Pulling no punches, he declares: “Inexorable economic forces drive investors to pay artists as little as possible while steering their creative output in the directions that involve the least financial risk. Lamina1 lights a new path forward.”

What is Lamina1?

Well, it is currently under active early-stage development with a roadmap to launch in 2023. It is building a blockchain with payment mechanisms and development kits. The venture is backed by prominent tech leaders, notably Epic Games and Unity, because the vast majority of today’s immersive metaverse experiences are powered by game engines.

More than this, though, Lamina1 wants to be the rallying point for an ecosystem of open source tools, standards and enabling technologies “conceived and co-developed with a community of creators.”
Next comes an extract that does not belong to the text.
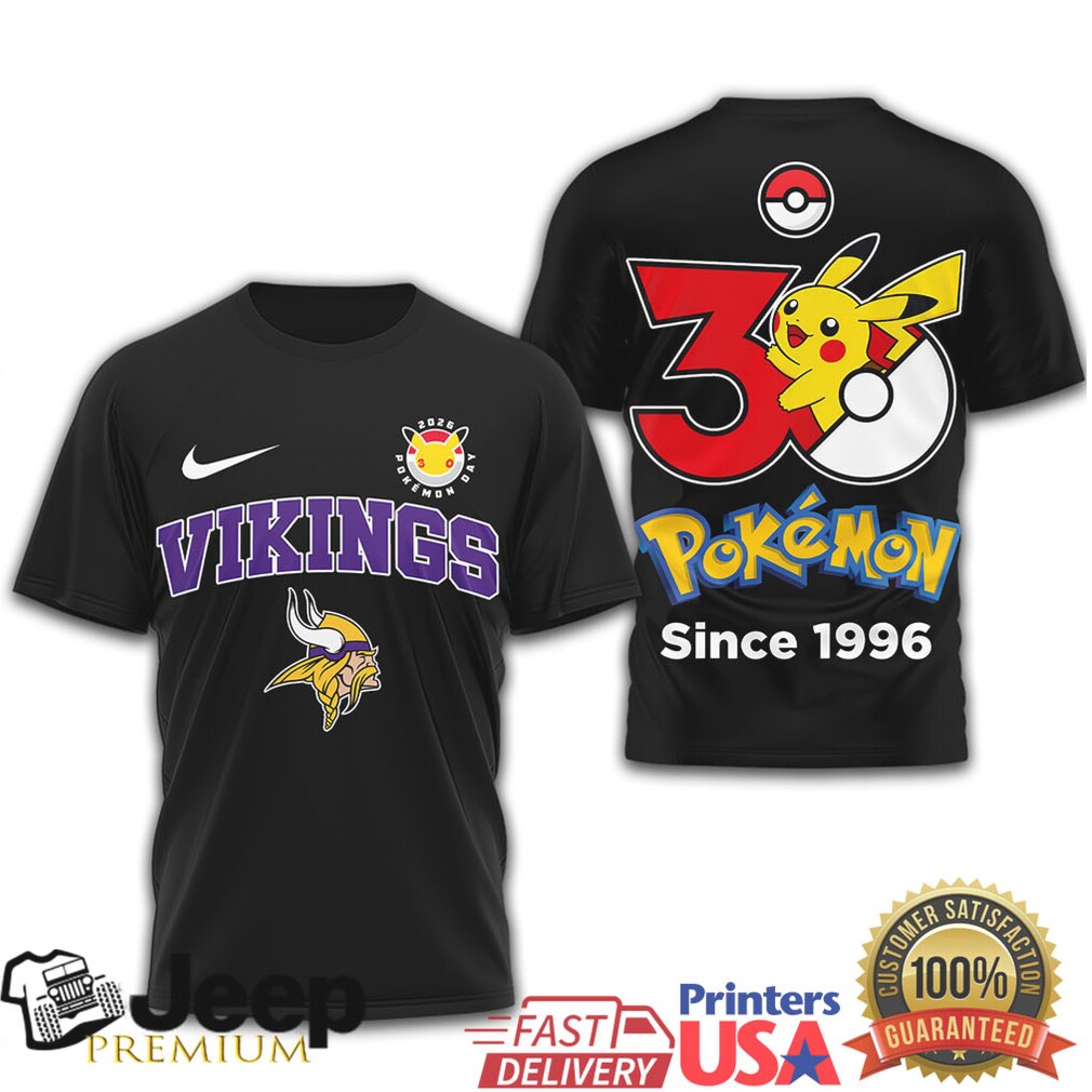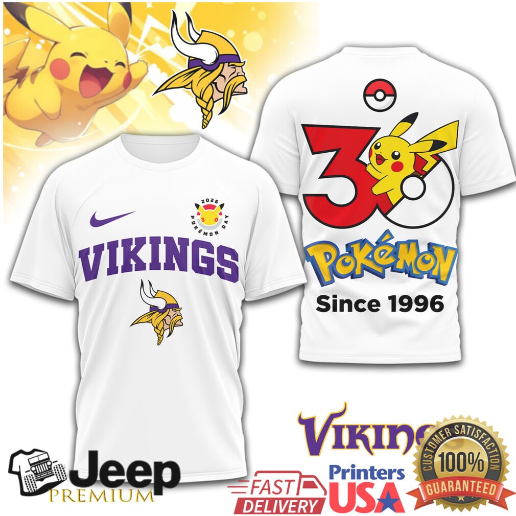 Minnesota Vikings x Pokémon 30th Anniversary Pikachu T Shirt Since 1996

Stephenson explains, “As this new digital economy crystallises, so does the potential to reimagine the financial systems and foundational structures that fuel it. In its early stages, the success of this movement depends on the conviction of companies, creators and consumers to demand something different.”

He is pitching Lamina1 as a Skywalker which will wrest power from the Empire.

“None of this works unless developers ignore the lure of working with well-funded giants and sign up to a rebel effort devoted to an open metaverse,” says Stephenson’s Wired colleague Stephen Levy.

Stephenson himself ends on a note of which Marx would be proud.

“We march waving the pirate flag at the front of the cultural movement, asking both creators and consumers to join the fight for greater agency and ownership – the fight for an economy that is imagined, produced and owned by its creators. It’s going to be hard and it’s going to take heart, but the upside of providing a maker direct access to their market is staggering.”